What’s he in charge of according to this? All that was made! What all does he say has been put under your feet? Sheep and oxen. What kind of relationship do we typically have with sheep and oxen? We eat them. The oxen will work for us. So this is work, provision.
Before the Fall, the sheep wouldn’t have been eaten. What would have our function for the sheep been? Maybe clothing. Although we didn’t really need clothing either. I don’t really know what sheep were for. Probably used them as pillows or something.
But you’ve got sheep and oxen. What’s next? Birds of the air. I can understand sheep. They go in the pen. And oxen. They go in the pen. What does it look like to reign over the birds of the air? Chicken coops, maybe.
The picture here is before the Fall when we’re reigning over these, and there’s no death at this point in time. You talk to the birds, right? So we have a church service and the bird choir shows up. Have you ever been to a bird show where they train the birds to do things?
What does it look like to reign over the fish of the sea? Have you ever been to a show where somebody calls and the fish come running? Where someone rides on a fish? Sea World! You know the reason why people love Sea World? It’s supposed to be that way. Free Willy is supposed to be the way life really is. You’re supposed to actually be able to have a Flipper yourself!
It’s part of our being that’s saying, “I’m supposed to be able to communicate with these animals and interact with them.”
You can pay money, and someone will put you in a boat and take you out in the ocean, and you can swim with dolphins. Why would someone do that? Because we’re supposed to! That’s the way it’s supposed to work. Because we were put in charge of everything.
But now Verse 2 is kind of problematic. What does “Out of the mouth of babes and nursing infants you’ve ordained strength because of your enemies that you may silence the enemy and the avenger” have to do with man being a little lower than the angels and being placed over all creation? What’s that have to do with that? Who’s the baby? Who’s the nursing infant here? Man. Why is man a nursing infant? If you have a nursing infant, what do you know about that child? Helpless. Ignorant. Dependant. Hungry. What do you know about their age? They haven’t been around very long, right?

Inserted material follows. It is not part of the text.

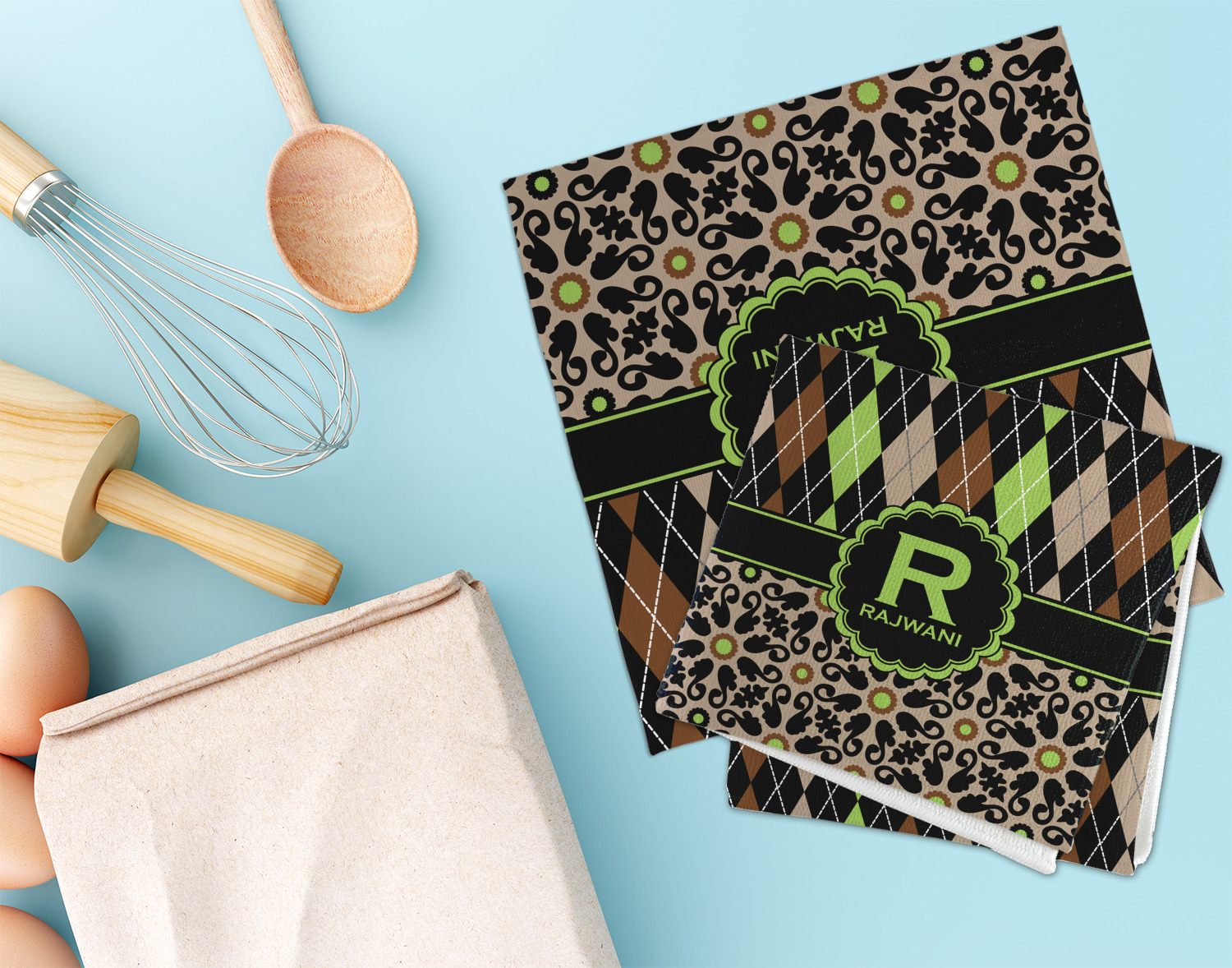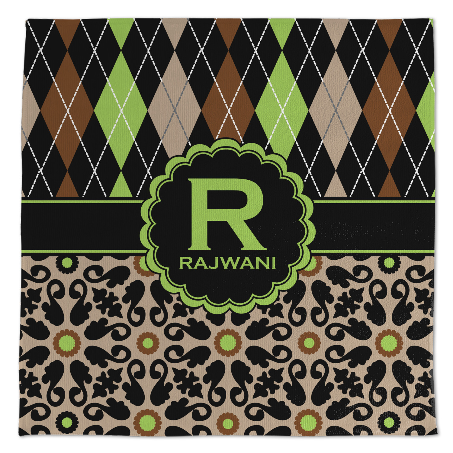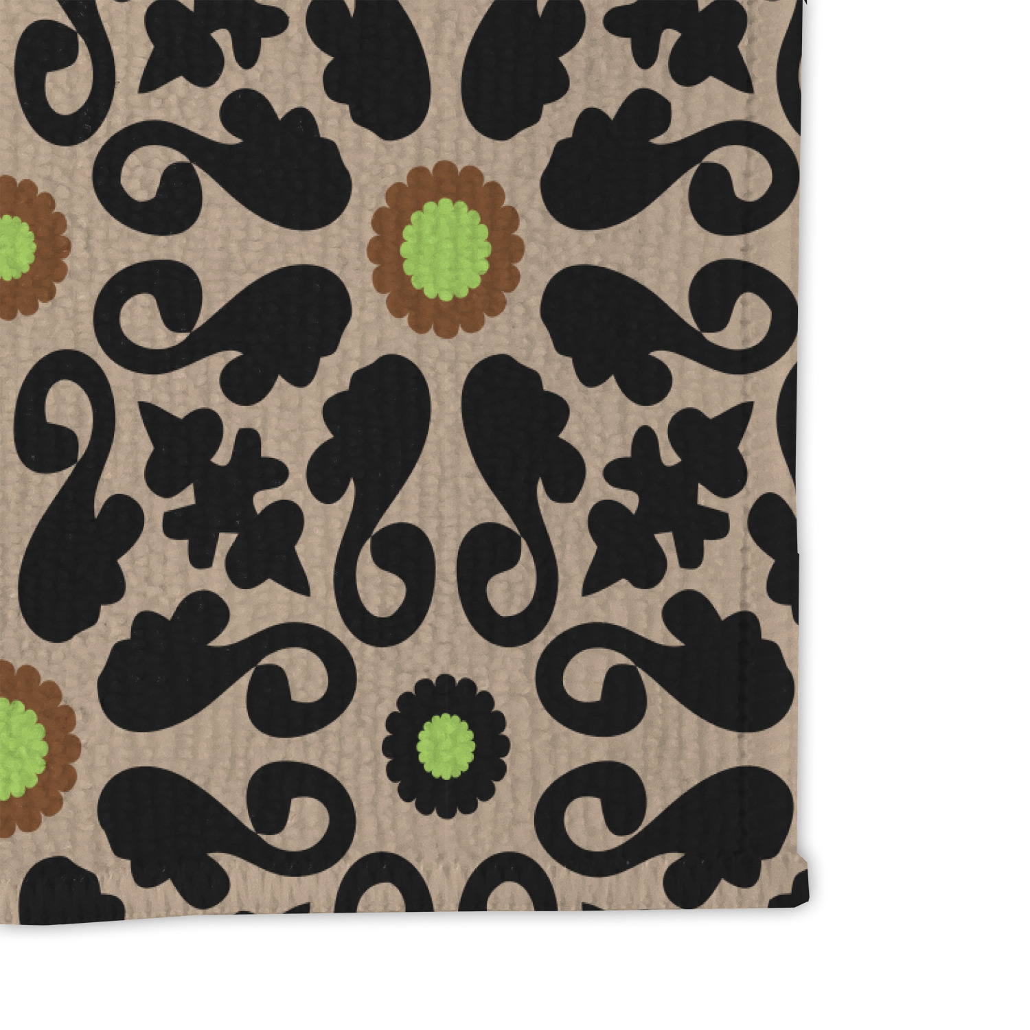 Feminine and masculine collide with this gorgeous design. The top of the design is a contrasting harlequin print in the colors of black, brown, tan, and lime green. The bottom of the design offers a fun girly flair in an abstract pattern in the same colors as the harlequin pattern set against a tan background to create a floral pattern
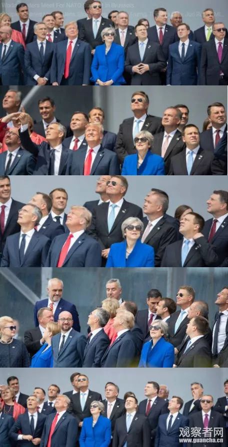 而這張神奇的照片里,幾乎所有人,包括法國總統馬克龍、德國總理默克爾、英國首相特蕾莎·梅這些“老朋友”,都看向自己的左邊,而特朗普則執著地望向右邊的天空。

How long have the angels been around? Long time. We don’t know when, but a long time. And suddenly these newcomers show up that are lower than them. Crying. Struggling. Their umbilical cord snapped off. And Jesus says I’m going to have those guys rule everything.
And why did he do that? Why did he put the newcomers in charge? What’s it say? “To silence the enemy.”
Who’s the enemy? Satan. What class does he come from? The angels. So you start to get it?
Was he in charge, Lucifer? He was! He was in charge of the whole universe, as best we understand. And what did he say? That’s not good enough. I don’t want to be a sub-regent under the Father. I want to be the Great King myself.
And because of that, he was set aside. And yet, he’s the ruler of world still today. We know that from the New Testament. “The ruler of this world has come.”
So here you’ve got it. This is the grand drama of all humanity. This is the Shakespearian tragedy that we’re all a part of.
Lucifer was the head guy. He was the sub-regent under the Great King. Tried to knock off the Great King. Did not succeed. So, in order to demonstrate and silence the accusations and the claim of this regent, God has appointed some babies to overthrow him.
And how do we do that? Something about “out of our mouths.” When the Old Testament talks about your mouth, it presumes action is part of it.
So our lives are to demonstrate this.